Looking for the ultimate gaming experience? Simply put, purchasing a 120hz+ Refresh Rate TV will get rid of any input lag you may have experienced with a 60hz Refresh Rate TV. Even with smaller TVs, a 60hz refresh rate can make it feel like your tv, internet, or controller is lagging or not responding to your inputs. With larger TVs, it’s even more noticeable. A 120hz+ refresh rate will help minimize and reduce lag when playing video games. Below is a simple guide that explains what the refresh rate should be for the size of your TV to help get rid of your video game lag:
All that being said, I was personally able to shave off ~20ms of lag.
I tested using the average of top, middle, and bottom readings which is the current meta. I also let the TV warm up for a few minutes before measuring each change as I observed this was the best way to observe lowest measurements and most accurately resembled real-world use. Obviously, not all of these will translate from one TV set to another, but if anything else, it suggests that seemingly benign settings can introduce additional lag. If you want to check out the Lag rating for your TV/Monitor/Projector, or any other model - we highly recommend displaylag.com - they currently have well over 500 models in their database!

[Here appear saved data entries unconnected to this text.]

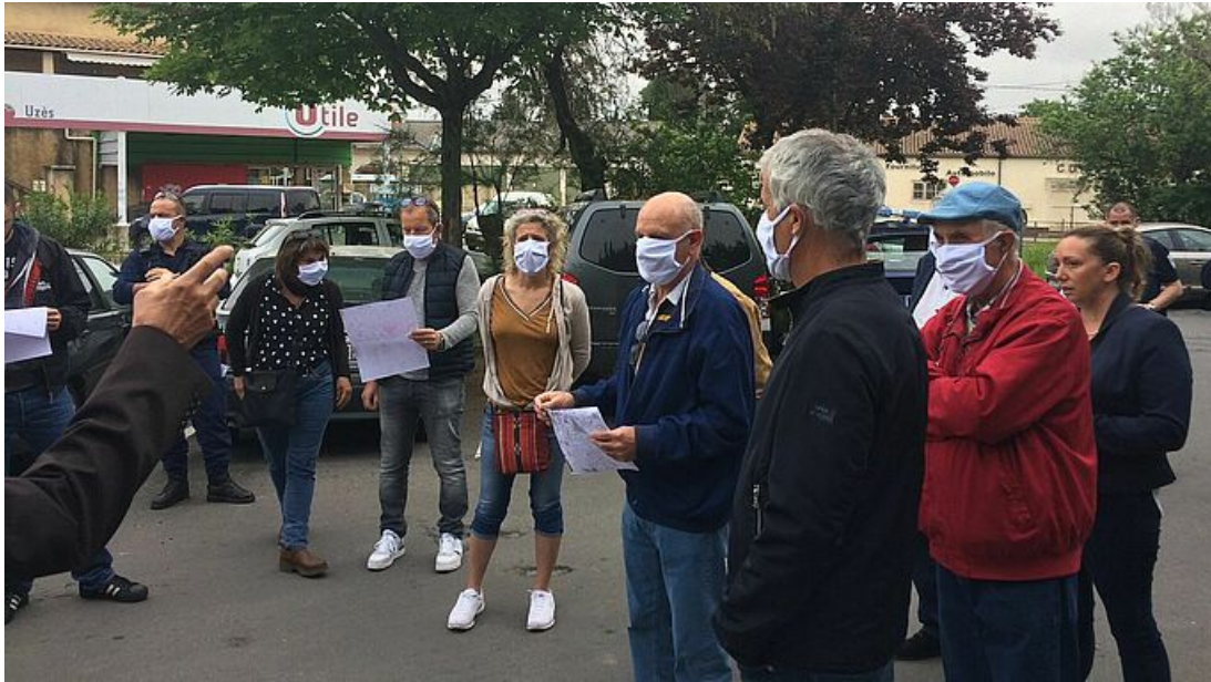
Les élus municipaux passent par groupe dans tous les quartiers. Ils remettent gratuitement un masque par personne.
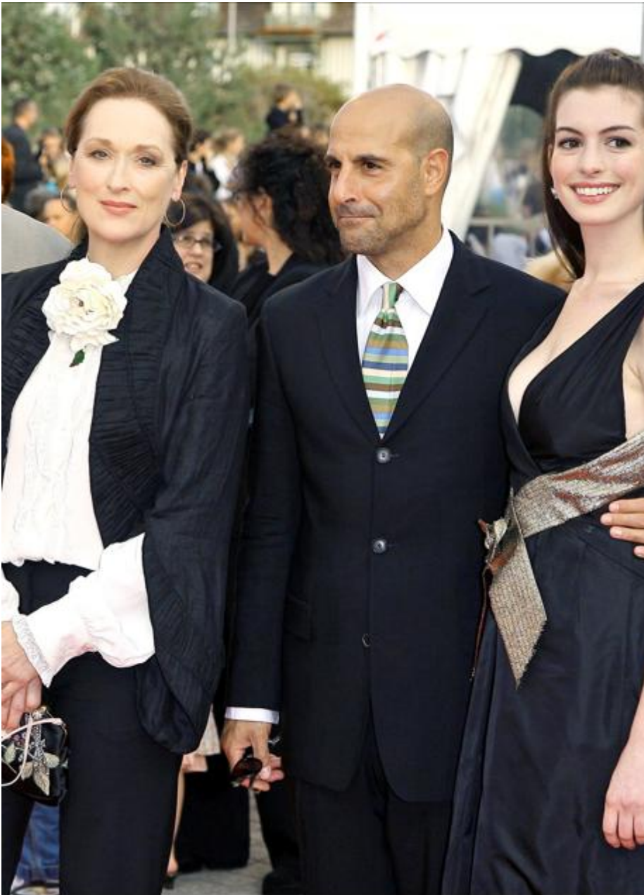
Meryl Streep en el 32º Festival de Cine Americano de Deauville
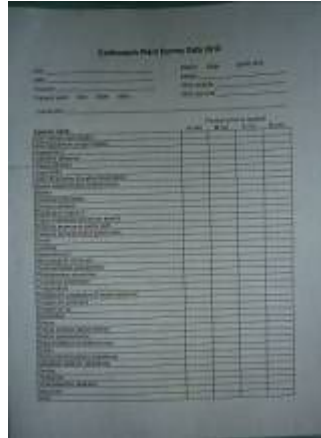
Plant Survey Data 用紙
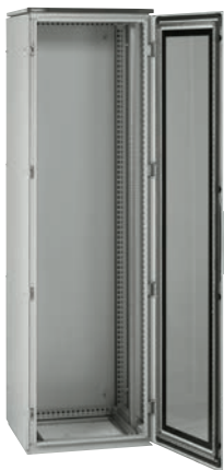
0 473 62 с боковыми панелями 0 472 72 и стойками 0 482 20
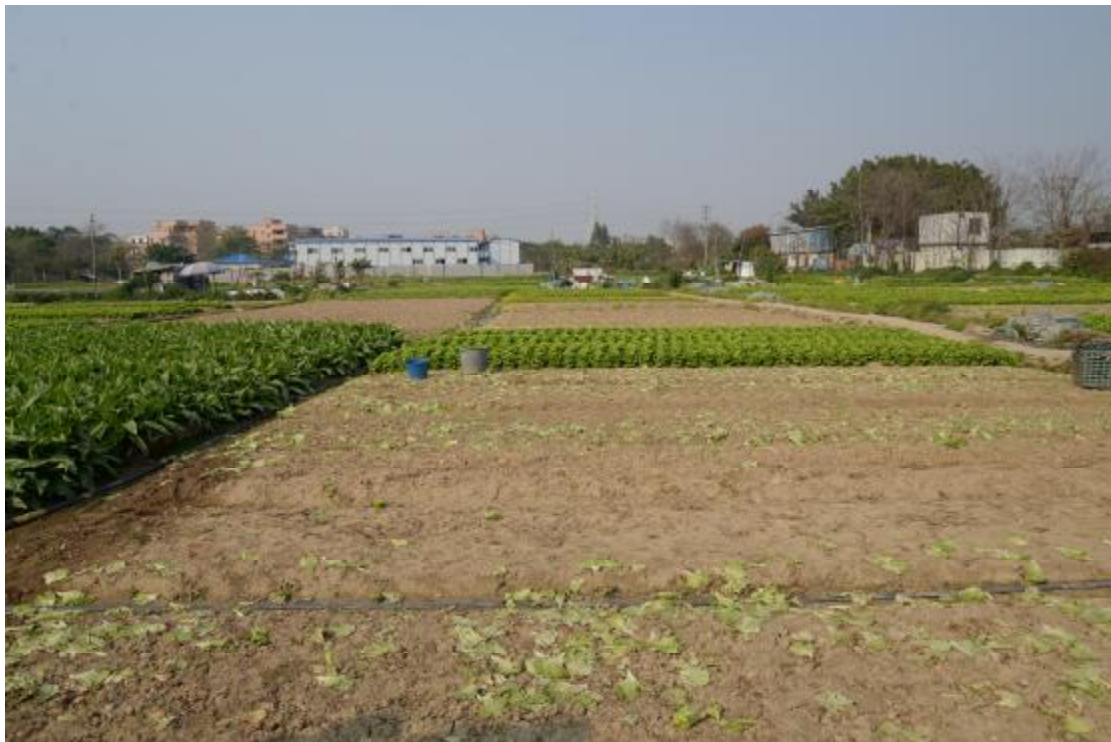
图 7 地表现状（南-北）
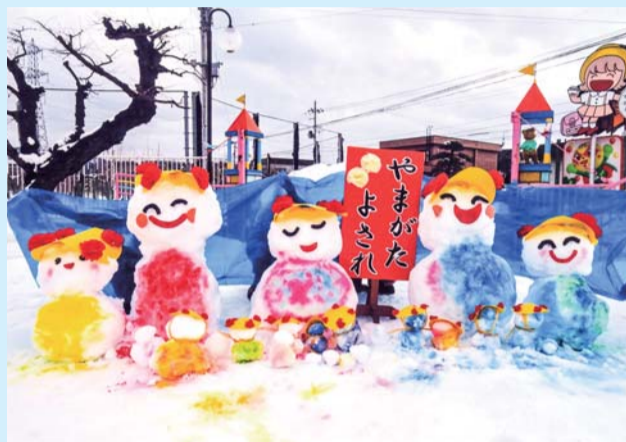
黒石市長賞 「元気に踊ろう!エッチャホー!!」山形こども園
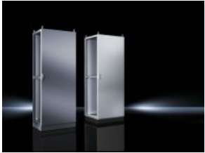
Anreih-Systeme TS 8 IP 66/NEMA 4X
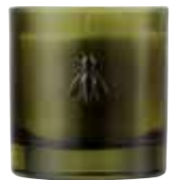
Envolée dans le verger Fig Figue

6449 97 H : 9,4 cm ø : 8,1 cm packed by 1
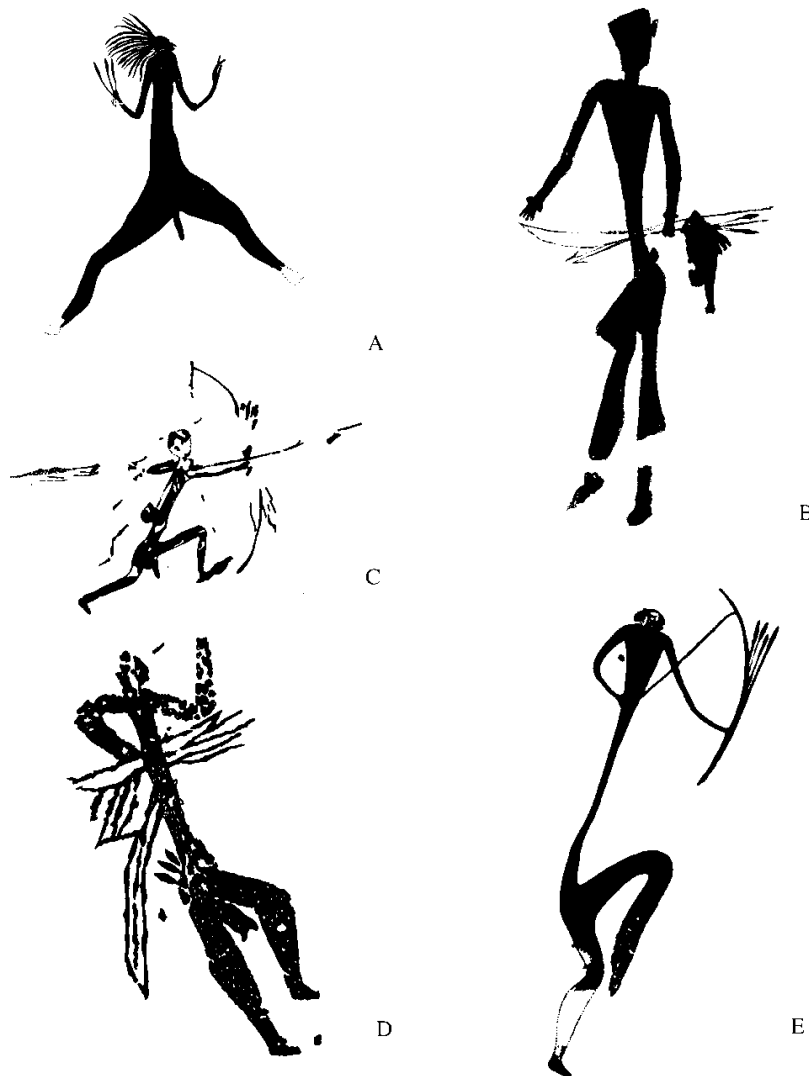
A: Cueva de la Vieja (Alpera, Albacete). Según Cabré (1915: fig. 97). B: Abrigo del Ciervo (Dos Aguas, Valencia). Según Jordá y Aleacer (1951: lám. III). C: Cueva Remigia (Ares del Maestre, Castellón). Según Viñas y Sarria (1978: Fig. 2). D: Benirrama (Vall de Gallinera, Alicante). Abrigo I. Panel 4. Según Hernández, Ferrer y Catalá (1988: fig. 265). E: Covas dels Civil o Ribesals (Tirig, Castellón). Abrigo III. Según Obermaier y Wemert (1919: lám. VII).

se han encontrado dos arcos, mientras que en cambio se encontraron siete hoces y una cuarentena de palos apuntados y biapuntados lo que refuerza la idea de la mayor importancia de las actividades agrícolas y ganaderas (Bosch et al. 2006). Esta diferencia pone de manifiesto que lo que se muestra socialmente y se socializa al resto de la comunidad por los poderes dominantes, no se corresponde con lo que realmente sucede (actividades económicas) en los asentamientos documentados en los yacimientos registrados, como La Draga
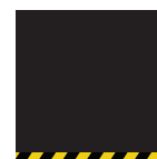
Jernplade med sikkerhedsbånd
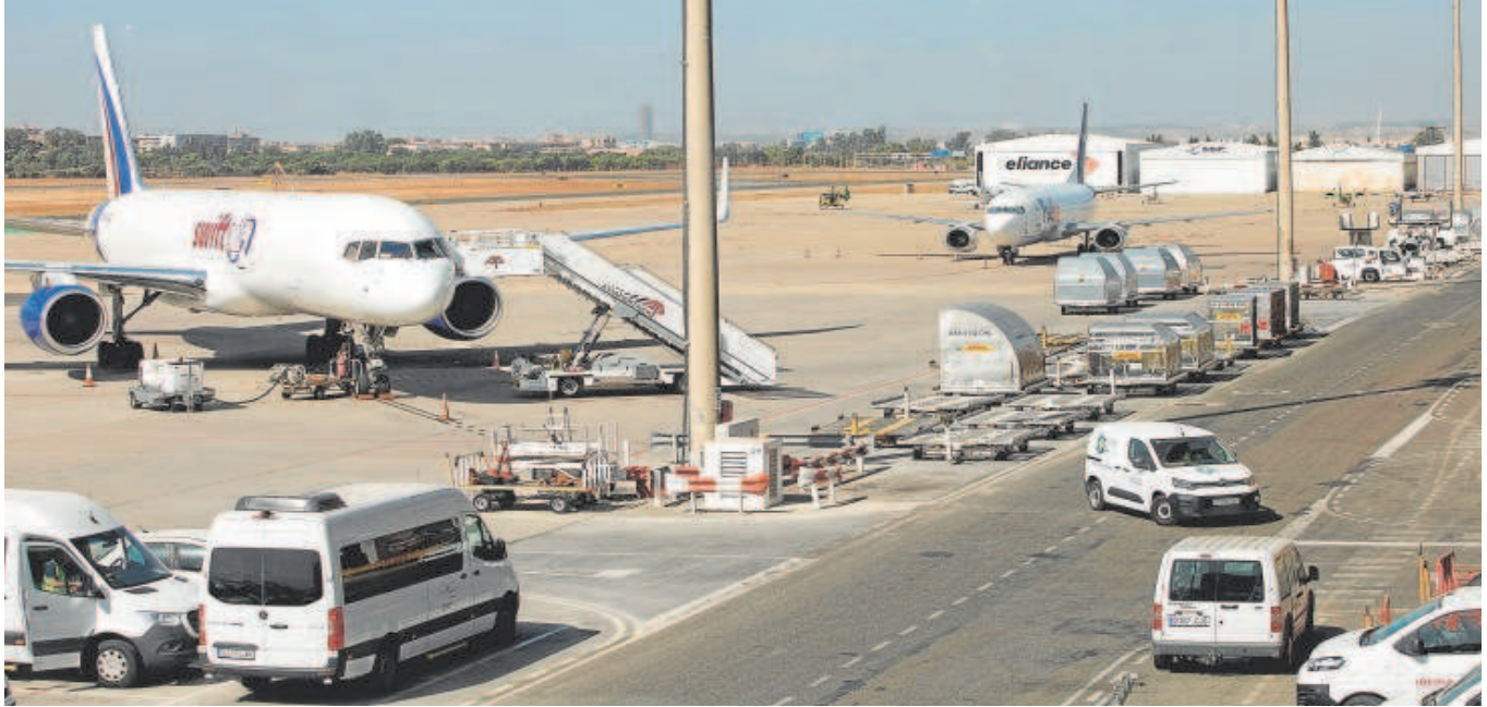
Una imagen del aeropuerto de Sevilla
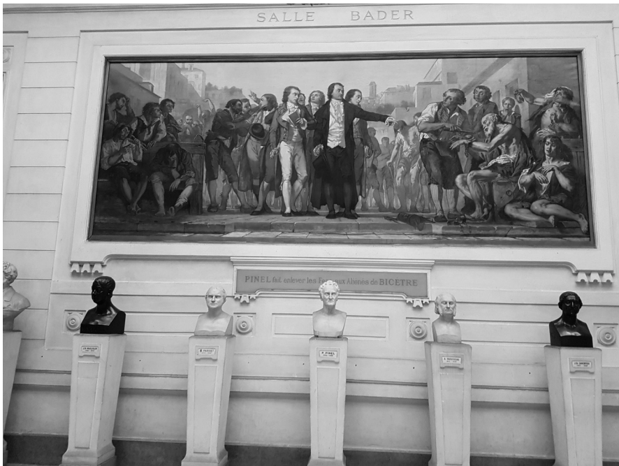
FIG. 3. — Philippe Pinel délivrant les aliénés de leurs fers à Bicêtre (1793). Tableau de Charles Louis Müller. Académie nationale de médecine.
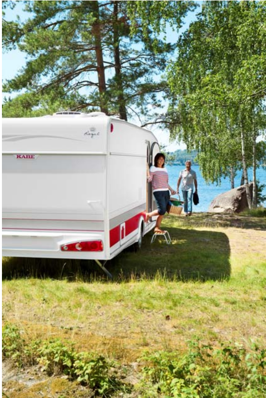
Bakljusramp med de nya lamporna som går runt hörnet hör till de mest synliga utvändiga förändringarna.

As you guessed, DisplayLag features a database with multitudes of HDTVs and monitors, along with news, reviews, and information about the latest displays and video games. I wanted to create a centralized database, a place where anyone can come and look up a display. Before this website, measurements were scattered all over the internet, using a variety of testing methods (most commonly involving a computer, clone mode displays and a program such as SMTT), and it was difficult to create a standard in which we could accurately compare displays due to a large amount of factors. Not anymore.